### EXERCISE GOAL
Among the lines below, output only those between the line holding "A hallmarked silver" and the line holding "Pulaqi оптовая продажа", inclusive, exactly as written and with no pictures.

[Extracted records]
------
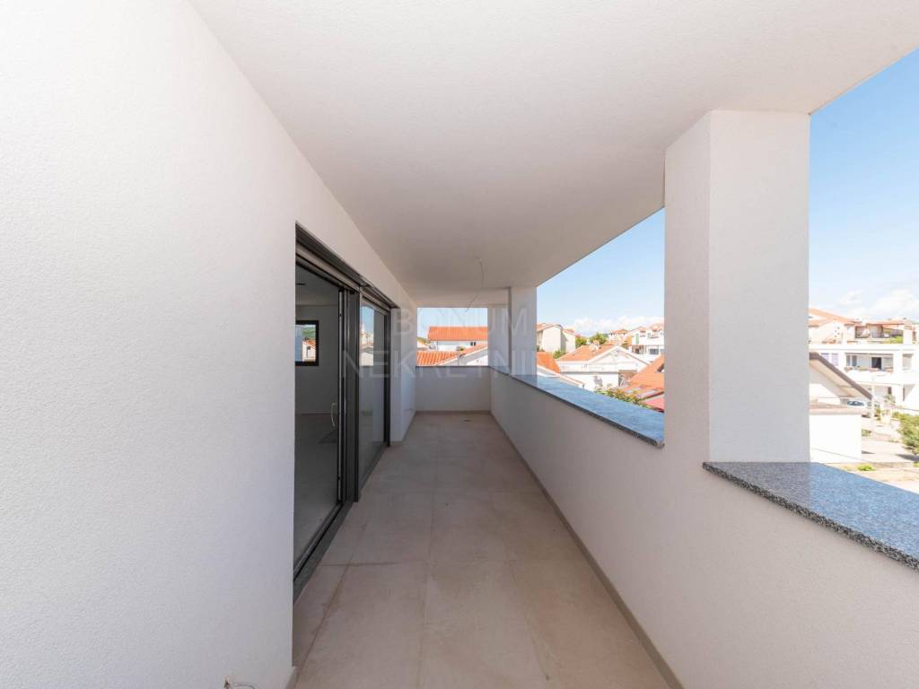 U mirnom dijelu Vodica prodaje se prostrani trosobni apartman koji zauzima cijelu etažu prvog kata manje stambene zgrade novije gradnje. Stan raspolaže s ukupno 121,59 m² stambenog prostora i velikom privatnom terasom koja ga okružuje, stvarajući jedinstveni osjećaj udobnosti i otvorenosti.
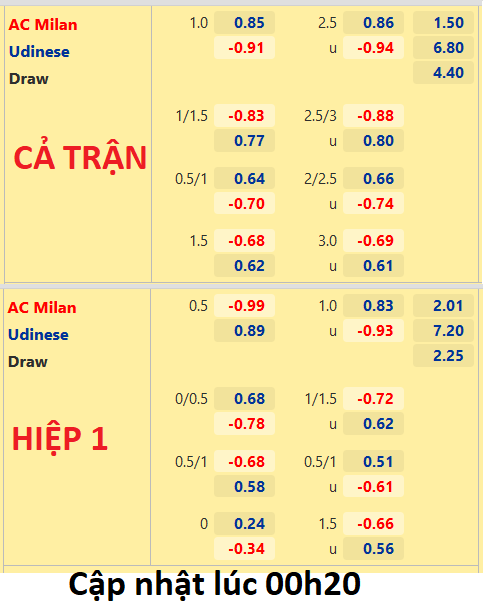 AEGoal chốt kèo bóng đá trực tiếp trận AC Milan vs Udinese diễn ra lúc 00h45 ngày 26/2 trong khuôn khổ giải VĐQG Italia sau khi dựa trên tính toán, chuyển động về kèo châu Á và đội hình ra sân của 2 đội.
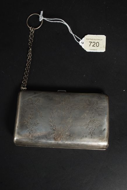 A hallmarked silver ladies purse (marks rubbed) complete with chain and decorated to one side. 148.2g
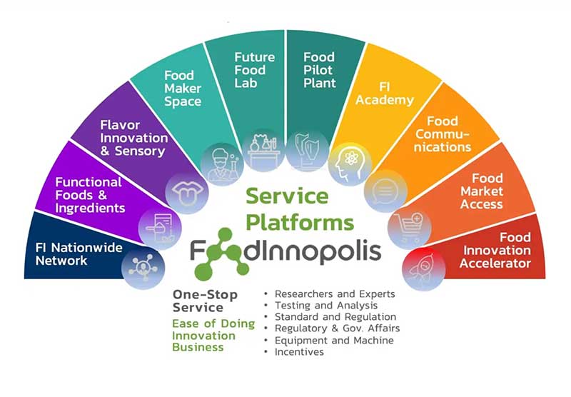 ตลอดระยะเวลาการดำเนินงานของเมืองนวัตกรรมอาหาร (Food Innopolis) ซึ่งจัดตั้งขึ้นตามมติคณะรัฐมนตรี ตั้งแต่ปี 2559 จนถึงปัจจุบัน ถือเป็นอีกหนึ่งจิ๊กซอว์ชิ้นสำคัญต่อการส่งเสริมระบบนิเวศด้านนวัตกรรม (Innovation Ecosystem) เพื่อการพัฒนาอุตสาหกรรมอาหารของประเทศ รวมถึงผลักดันไทยให้อยู่ในเรดาห์ที่ทั่วโลกเล็งเห็น ในฐานะศูนย์กลางพัฒนาเทคโนโลยีและนวัตกรรมด้านอาหาร (Food Innovation Hub) อีกแห่งหนึ่งของอาเซียน
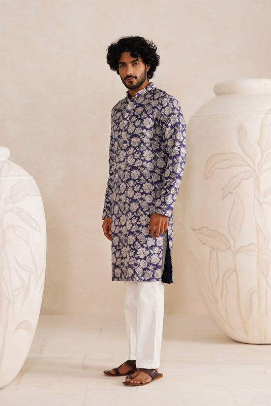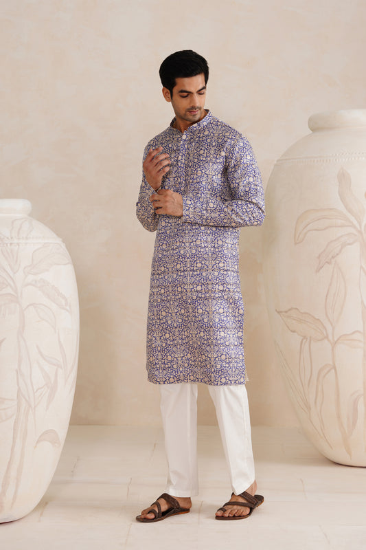 Indigo Jaipuri Tussar Ghicha Silk Kurta Set
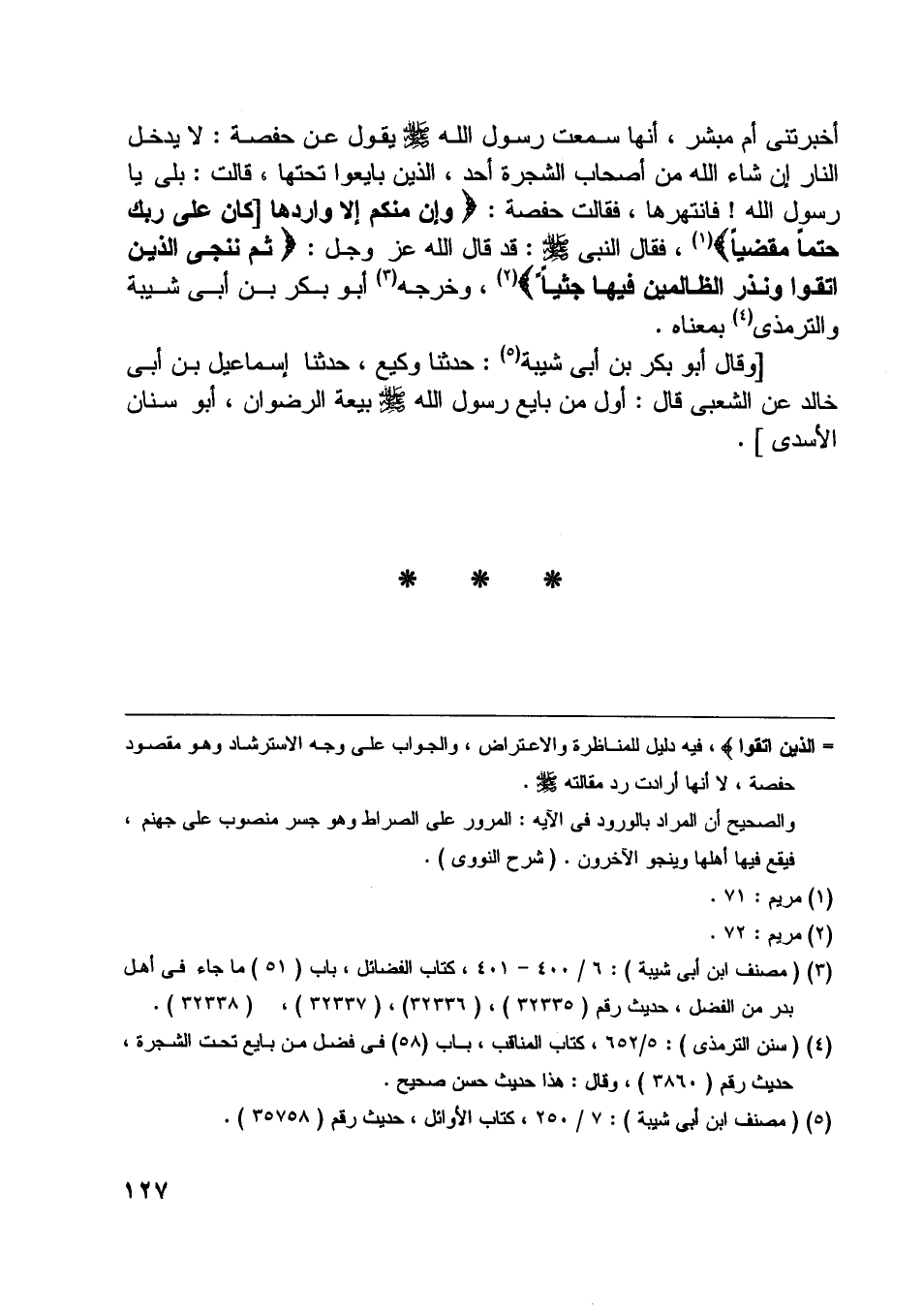 أخبرتنى أم مبشر، أنها سمعت رسول اللَّه صلّى اللَّه عليه وسلّم يقول عن حفصة: لا يدخل النار إن شاء اللَّه من أصحاب الشجرة أحد، الذين بايعوا تحتها، قالت: بلى يا رسول اللَّه! فانتهرها، فقالت حفصة: وَإِنْ مِنْكُمْ إِلَّا وارِدُها [كانَ عَلى رَبِّكَ حَتْماً مَقْضِيًّا [ (1) ] ، فقال النبي صلّى اللَّه عليه وسلّم: قد قال اللَّه عز وجل: ثُمَّ نُنَجِّي الَّذِينَ اتَّقَوْا وَنَذَرُ الظَّالِمِينَ فِيها جِثِيًّا [ (2) ] ، وخرجه [ (3) ] أبو بكر بن أبى شيبة والترمذي [ (4) ] بمعناه.
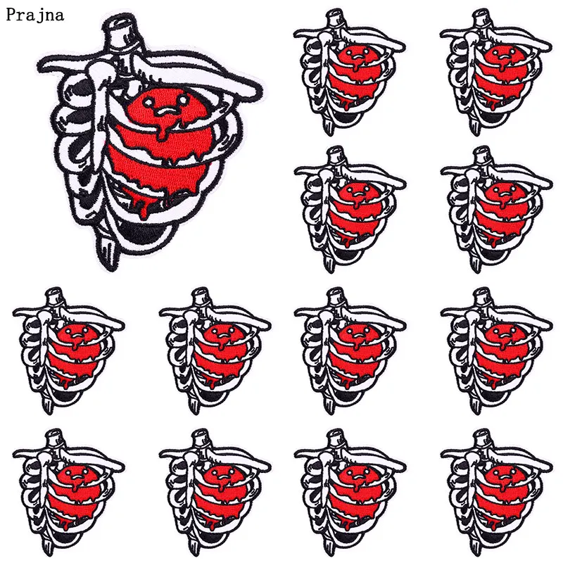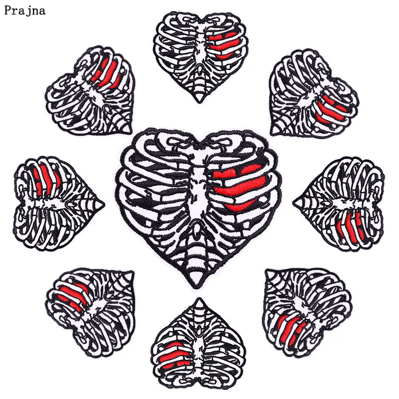 Pulaqi оптовая продажа 10 шт панковские нашивки с вышивкой в виде сердца для одежды термоклейкие нашивки на одежду с аппликацией в виде скелета в полоску
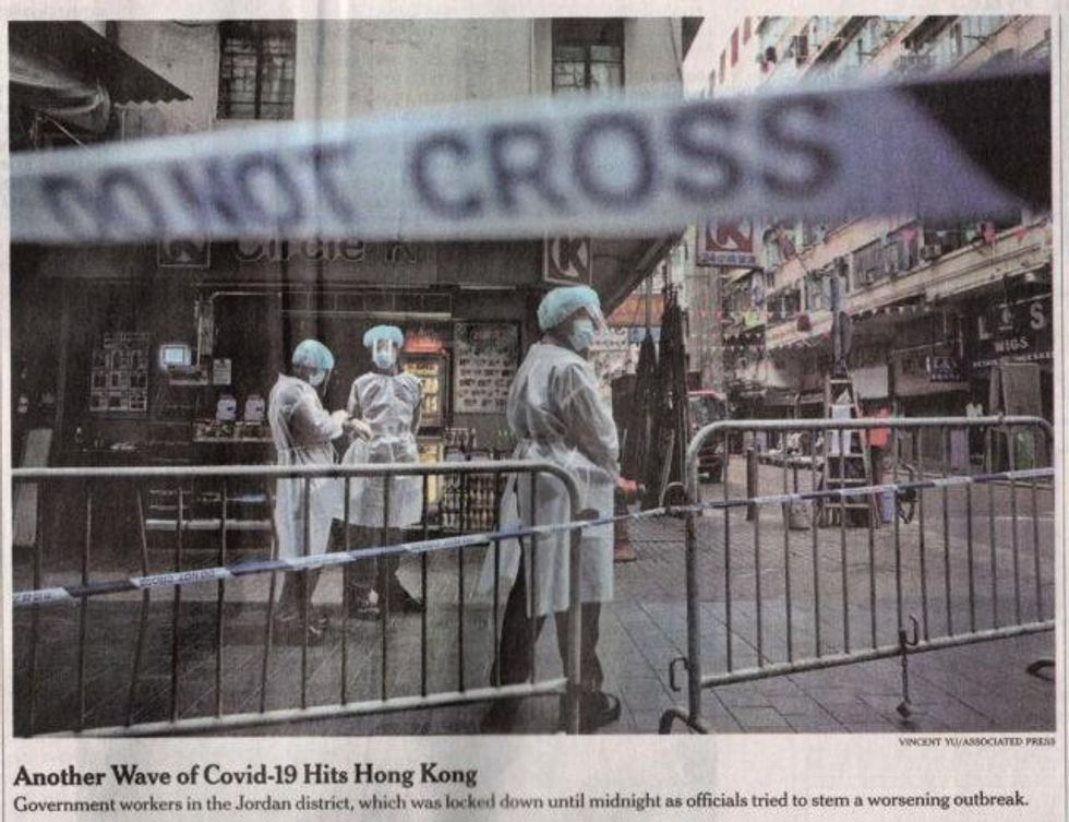 Too good or not good enough, China's coronavirus response is an obsession of the New York Times. On January 25, the front page of the Times' print edition was dominated by an ominous above-the-fold photo of people in protective gear behind police tape reading "DO NOT CROSS," with a caption headline "Another Wave of Covid-19 Hits Hong Kong." This "wave" consisted of residents of Hong Kong (population 7.5 million) coming down with Covid at the rate of 75 a day--whereas in New York City (population 8.4 million), people are catching it at the rate of about 4,000 a day. But the context that Hong Kong's outbreak was roughly 1/50th as bad as what's considered business as usual in the Times' hometown was entirely missing from the scary photo and caption on the paper's front page.
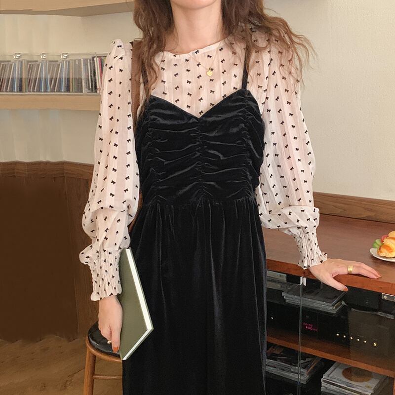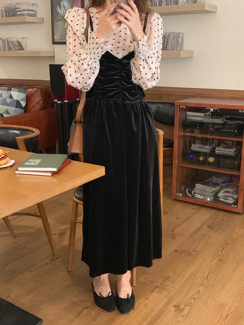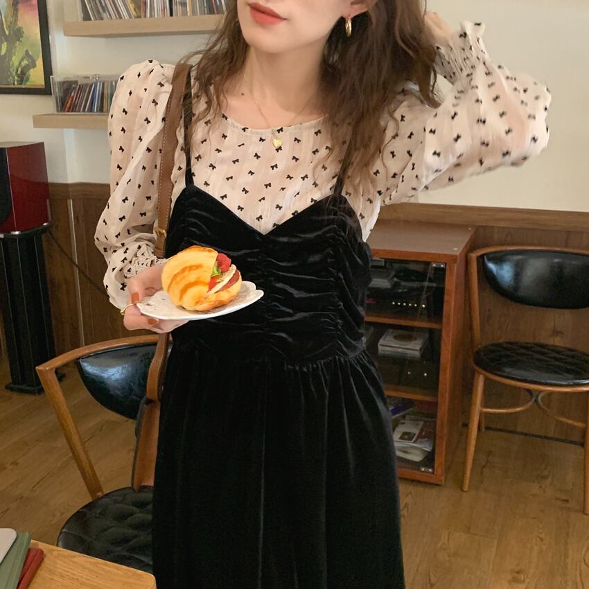 【韓国ファッション】大人可愛い ラウンドネックプリントスリーブシャツ プリーツウェストベルベットドレス リボン Oネック ♡ 韓国32853846197 | パリジェンヌ、韓国系ファッション July
------
### ANSWER TO THE PROBLEM
 A hallmarked silver ladies purse (marks rubbed) complete with chain and decorated to one side. 148.2g
 ตลอดระยะเวลาการดำเนินงานของเมืองนวัตกรรมอาหาร (Food Innopolis) ซึ่งจัดตั้งขึ้นตามมติคณะรัฐมนตรี ตั้งแต่ปี 2559 จนถึงปัจจุบัน ถือเป็นอีกหนึ่งจิ๊กซอว์ชิ้นสำคัญต่อการส่งเสริมระบบนิเวศด้านนวัตกรรม (Innovation Ecosystem) เพื่อการพัฒนาอุตสาหกรรมอาหารของประเทศ รวมถึงผลักดันไทยให้อยู่ในเรดาห์ที่ทั่วโลกเล็งเห็น ในฐานะศูนย์กลางพัฒนาเทคโนโลยีและนวัตกรรมด้านอาหาร (Food Innovation Hub) อีกแห่งหนึ่งของอาเซียน
 Indigo Jaipuri Tussar Ghicha Silk Kurta Set
 أخبرتنى أم مبشر، أنها سمعت رسول اللَّه صلّى اللَّه عليه وسلّم يقول عن حفصة: لا يدخل النار إن شاء اللَّه من أصحاب الشجرة أحد، الذين بايعوا تحتها، قالت: بلى يا رسول اللَّه! فانتهرها، فقالت حفصة: وَإِنْ مِنْكُمْ إِلَّا وارِدُها [كانَ عَلى رَبِّكَ حَتْماً مَقْضِيًّا [ (1) ] ، فقال النبي صلّى اللَّه عليه وسلّم: قد قال اللَّه عز وجل: ثُمَّ نُنَجِّي الَّذِينَ اتَّقَوْا وَنَذَرُ الظَّالِمِينَ فِيها جِثِيًّا [ (2) ] ، وخرجه [ (3) ] أبو بكر بن أبى شيبة والترمذي [ (4) ] بمعناه.
 Pulaqi оптовая продажа 10 шт панковские нашивки с вышивкой в виде сердца для одежды термоклейкие нашивки на одежду с аппликацией в виде скелета в полоску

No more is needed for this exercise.